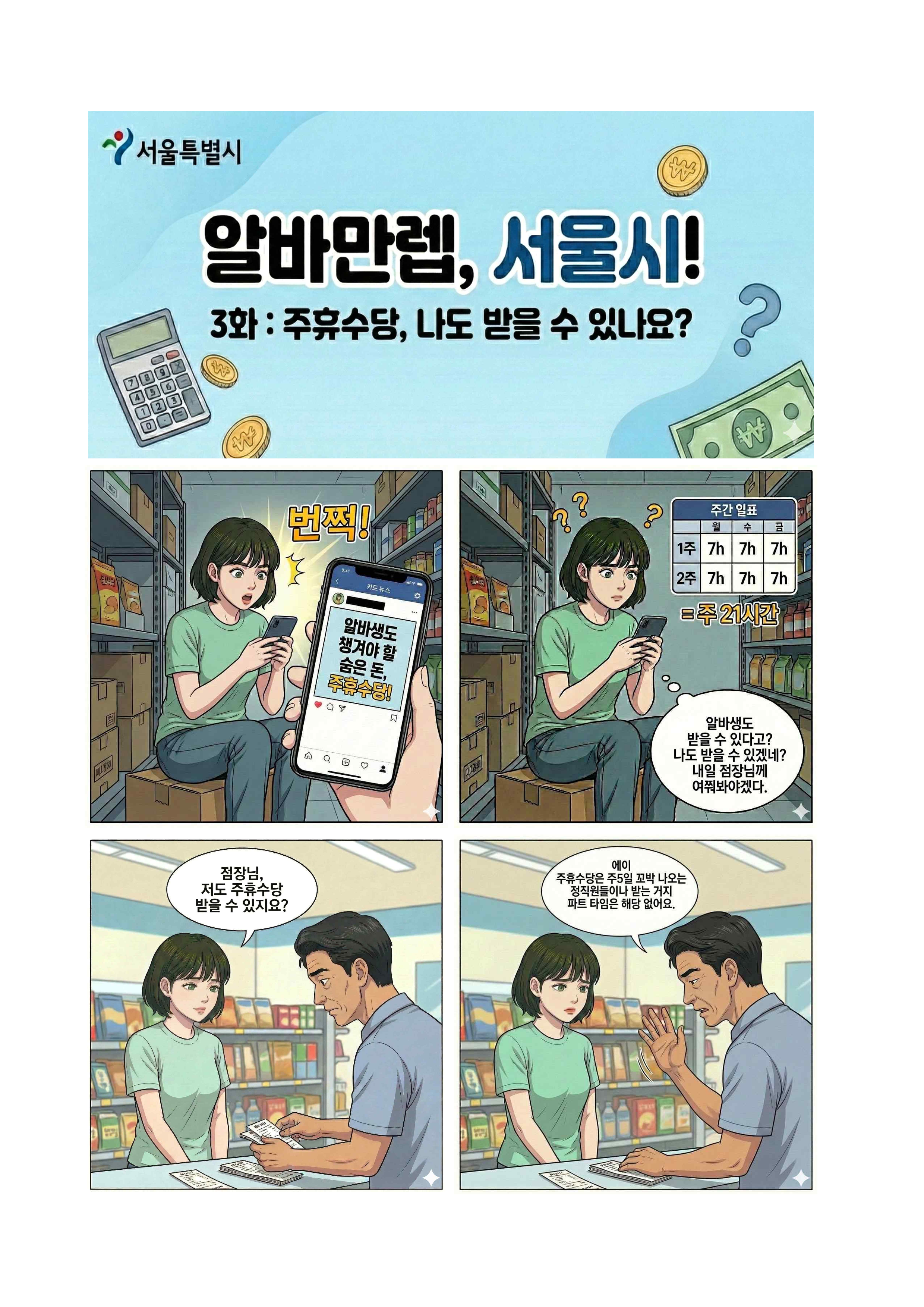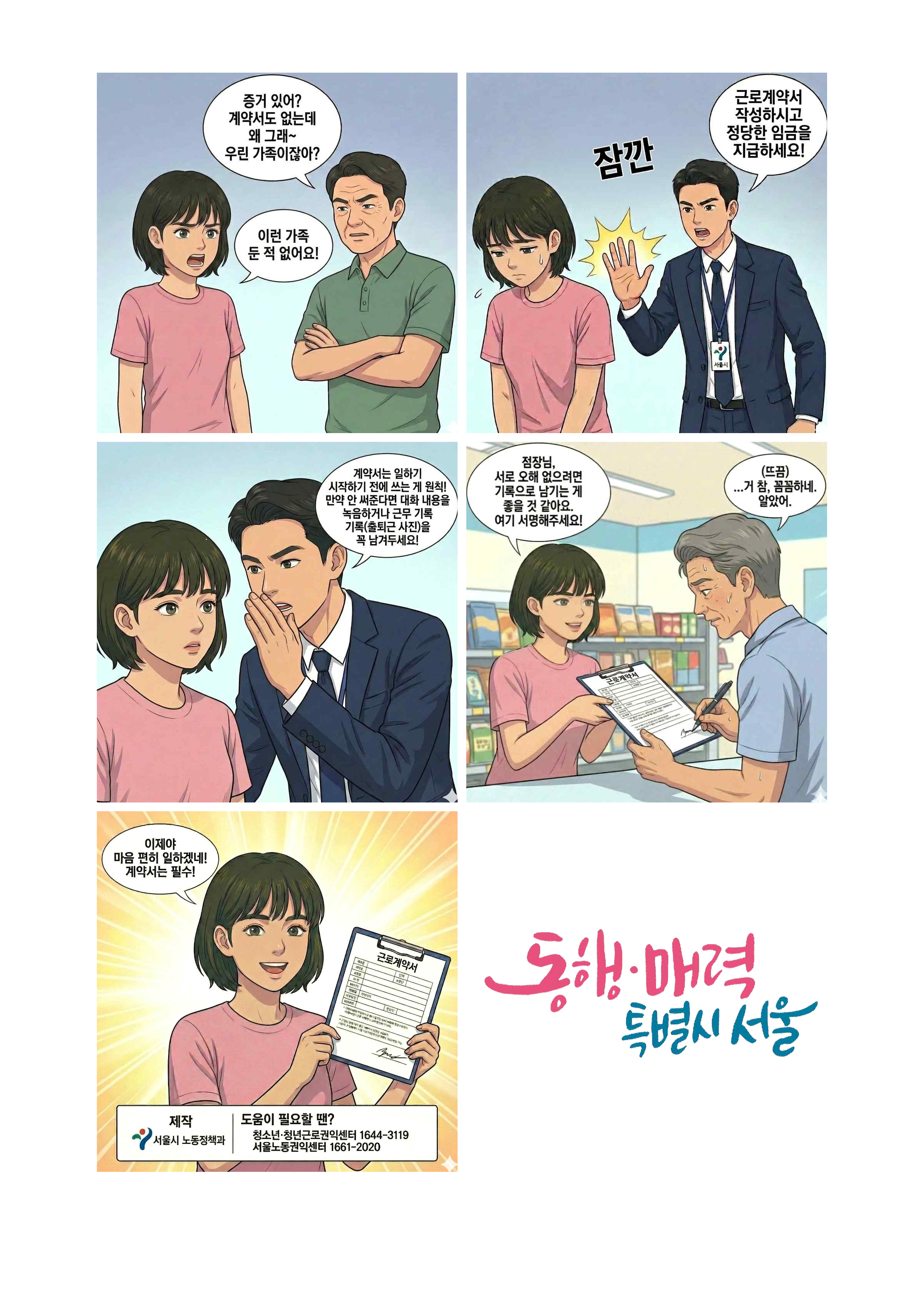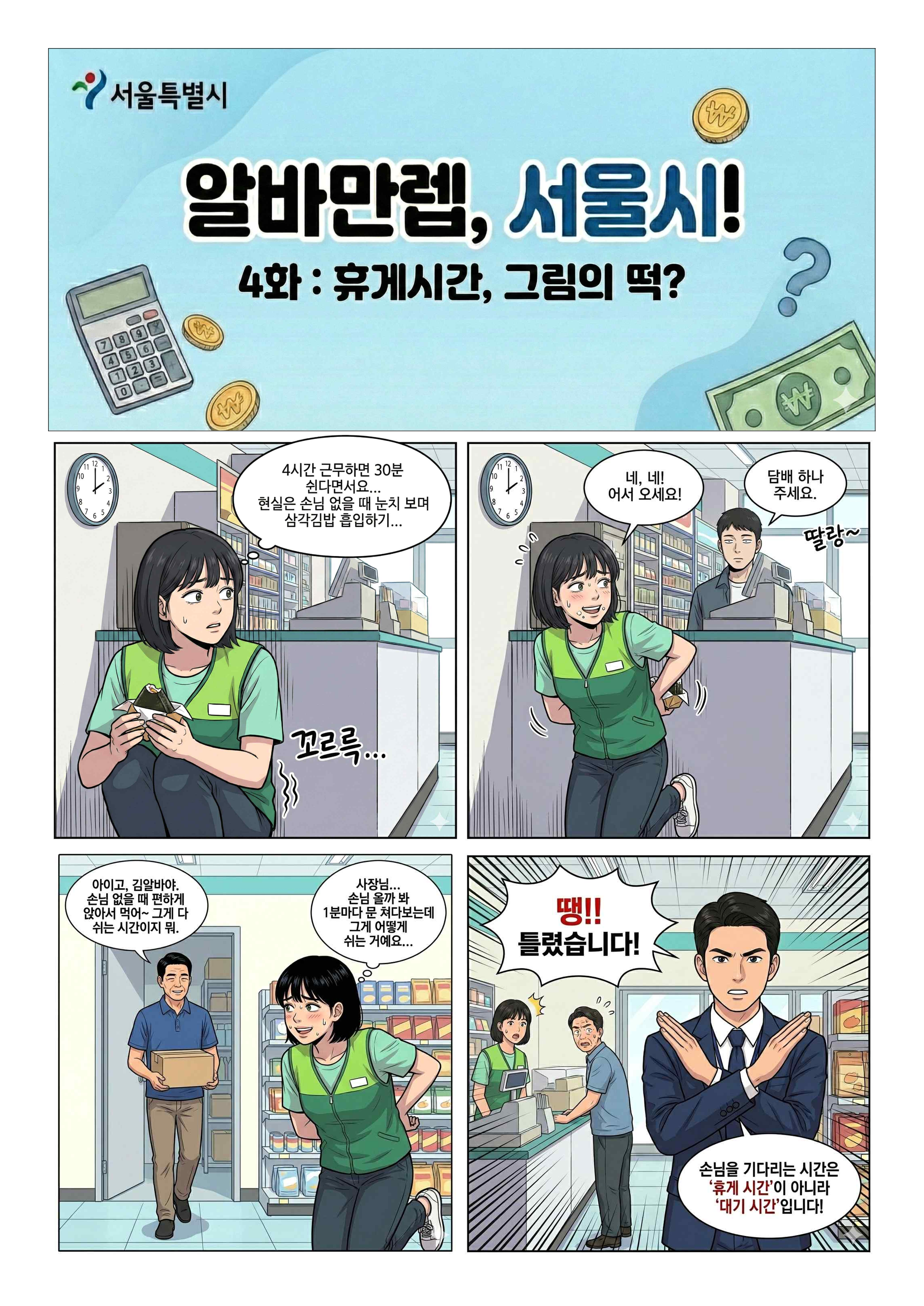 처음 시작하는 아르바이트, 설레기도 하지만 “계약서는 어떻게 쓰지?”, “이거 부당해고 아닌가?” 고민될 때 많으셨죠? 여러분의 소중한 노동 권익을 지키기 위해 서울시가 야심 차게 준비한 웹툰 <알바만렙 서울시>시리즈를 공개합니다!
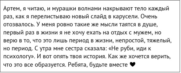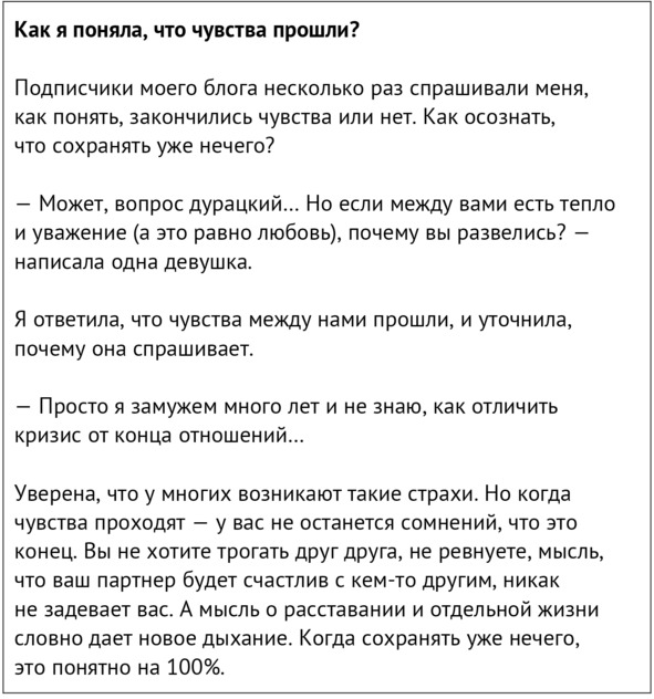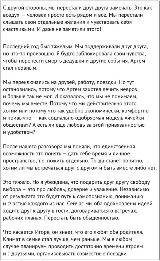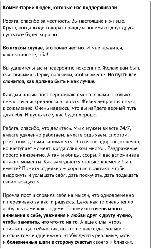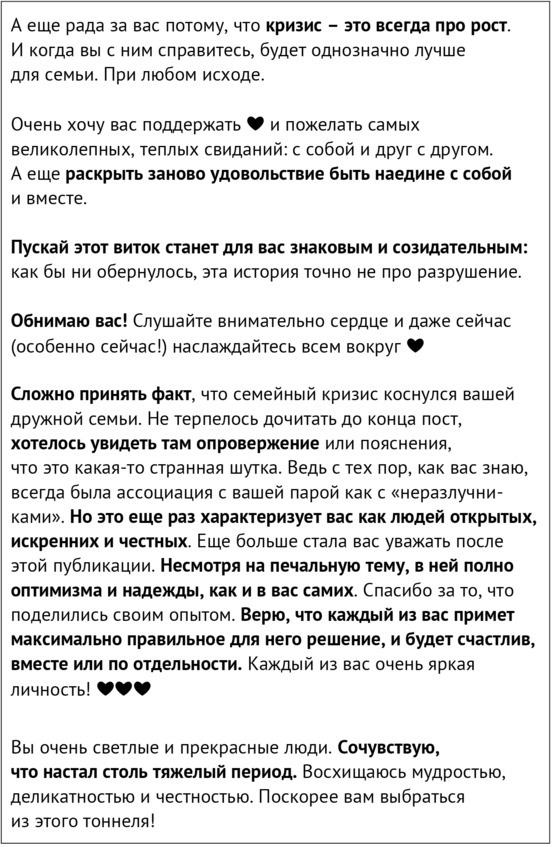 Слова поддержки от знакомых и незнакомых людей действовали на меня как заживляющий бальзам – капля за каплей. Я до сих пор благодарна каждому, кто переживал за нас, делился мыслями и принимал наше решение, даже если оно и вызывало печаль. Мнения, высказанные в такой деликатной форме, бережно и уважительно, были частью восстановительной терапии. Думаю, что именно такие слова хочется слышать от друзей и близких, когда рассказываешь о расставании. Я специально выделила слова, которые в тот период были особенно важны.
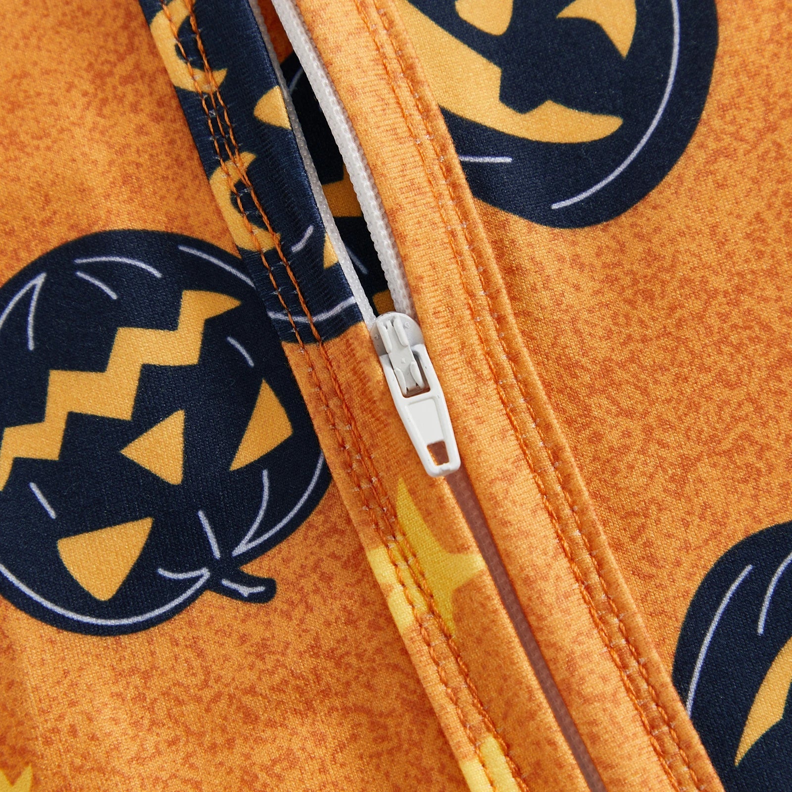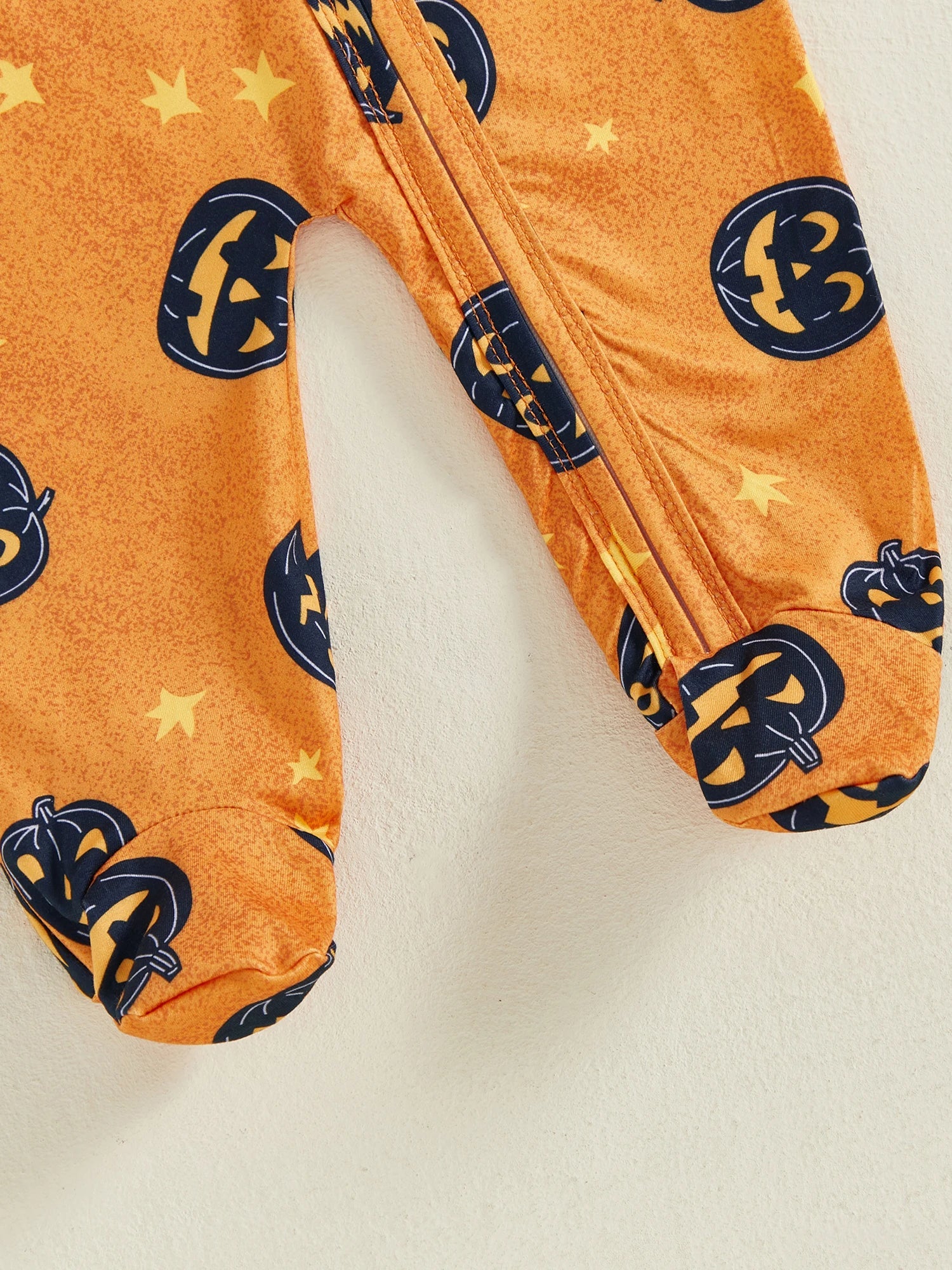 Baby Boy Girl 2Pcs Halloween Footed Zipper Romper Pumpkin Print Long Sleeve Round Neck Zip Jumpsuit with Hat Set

## Your goal
Write down exactly the lines running from the line with "Слова поддержки от" through the end of the material, both ends included, and none of the pictures.

## Answer to the exercise
 Слова поддержки от знакомых и незнакомых людей действовали на меня как заживляющий бальзам – капля за каплей. Я до сих пор благодарна каждому, кто переживал за нас, делился мыслями и принимал наше решение, даже если оно и вызывало печаль. Мнения, высказанные в такой деликатной форме, бережно и уважительно, были частью восстановительной терапии. Думаю, что именно такие слова хочется слышать от друзей и близких, когда рассказываешь о расставании. Я специально выделила слова, которые в тот период были особенно важны.
 Baby Boy Girl 2Pcs Halloween Footed Zipper Romper Pumpkin Print Long Sleeve Round Neck Zip Jumpsuit with Hat Set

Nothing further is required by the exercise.